Chronice stress and its affect on PAC1- CRF neurons in the BNST

Repeated or severe stress has an impact on physiological and psychological systems, as a part of homeostasis, and can promote maladaptive changes (Hammack et al., 2009). These maladaptive changes mediated by chronic stress can produce anxiety-like behavior, which has been argued to be an underlying cause of many psychological diseases, especially anxiety disorder (Hammack et al., 2010). Anxiety disorders have become most the common mental health problem in the U.S, affecting 19.6% of adults (National Comorbidity Survey. 2017). Though there are different pharmacological drugs available to manage anxiety disorders, most have limited efficacy and/or unwanted side effects (Griebel et al., 2013). In order to develop a more effective treatment of anxiety disorders, we need to have a better understanding of how exposure to chronic stress leads to maladaptive behavior. Pituitary adenylate cyclase-activating polypeptide (PACAP) is a neuropeptide encoded by ADCYAP1 gene that is known to regulate stress responding and may play an important role in maladaptive anxiety-like behavior (Ressler et al., 2011).

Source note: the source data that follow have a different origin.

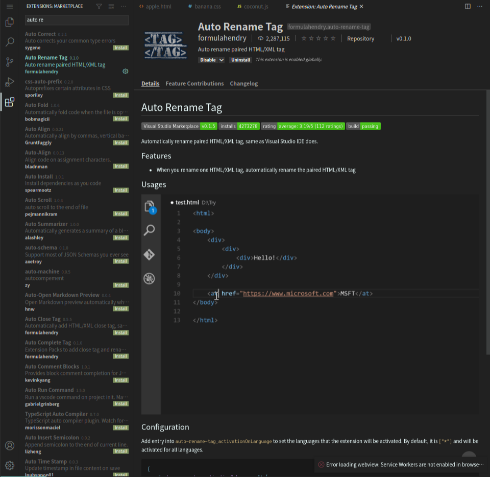 5. Auto Rename Tag - 앞에 태그를 바꾸면 뒤에 태그를 자동으로 바꿔줌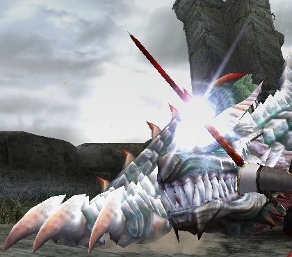 デュラガウアの突進に、攻撃が弾かれる瞬間です。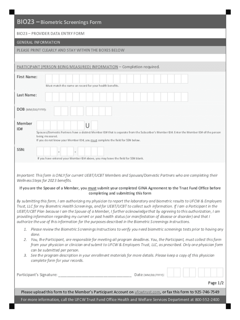 Get the free BIO23 Biometric Screenings Form - UFCW Trust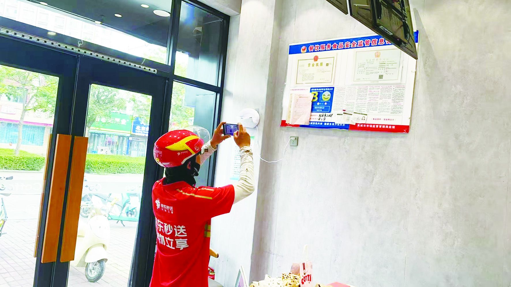 在禹城市通衢路一家早餐店,刘志龙仔细确认证照有效后,在“网络订餐违法线索随手拍(试用版)”专用小程序上标记“正常”;在一家麻辣烫店,他及时提醒员工规范佩戴发帽;发现煲仔饭外卖未贴封签,他主动用自己的备用封签帮忙贴上,并同步上报情况。下午,他还特意绕道去了瑜琳街路一家之前发现地面积水问题的面馆,直到确认整改合格后才放心。这一天,他在完成37单配送的同时,完成了15次食品安全检查,发出两次现场提醒,上报1个问题。

PACAP and its cognate receptor, PAC1, have been found in many of the stress- and anxiety-associated brain regions (Hammack et al., 2009), such as - bed nucleus of stria terminalis (BNST), central nucleus of amygdala (CeA), parabrachial nucleus (PBn), and hypothalamus. Our lab has demonstrated that PACAP is critical for stress-related anxiety-like behavior in rodents, and our group has argued that PACAP is critical for stress-induced long-term changes in the functions of anxiety-related brain regions. The stress induced neuroplasticity can produce maladaptive stress response of those brain regions and can cause anxiety disorders (Hammack et al., 2015).

Among these brain regions, the BNST has been argued to be a particularly important area for anxiety-like behavior where PACAP and corticotropin-releasing factor (CRF) working together can cause anxiogenic effects following chronic variant stress (Roman et al., 2014, Walker et al., 2009). As cells in the BNST are diverse in terms of their physiology and chemistry, the roles of different cell populations in stress-related behaviors such as anxiety are not clear. Neurons in the BNST mostly express GABA as a neurotransmitter, with some glutamatergic neurons present (Gungor et al., 2016). These BNST cells also often co-express different neuropeptides, such as PACAP and CRF (Hammack et al., 2009). We have argued that PACAP is targeting BNST CRF neurons (Dore et al., 2013), via the PAC1 receptor, which utilizes different signaling pathways depending on its isoform (Hammack et al., 2015). The PAC1 downstream signaling pathway that contributes to anxiety-like behavior is important to understand because it will help us to find a better target for treatment. PACAP modulates the CRF PAC1 expressing cells in BNST and its downstream signaling pathway during chronic stress and produce anxiety-like behavior.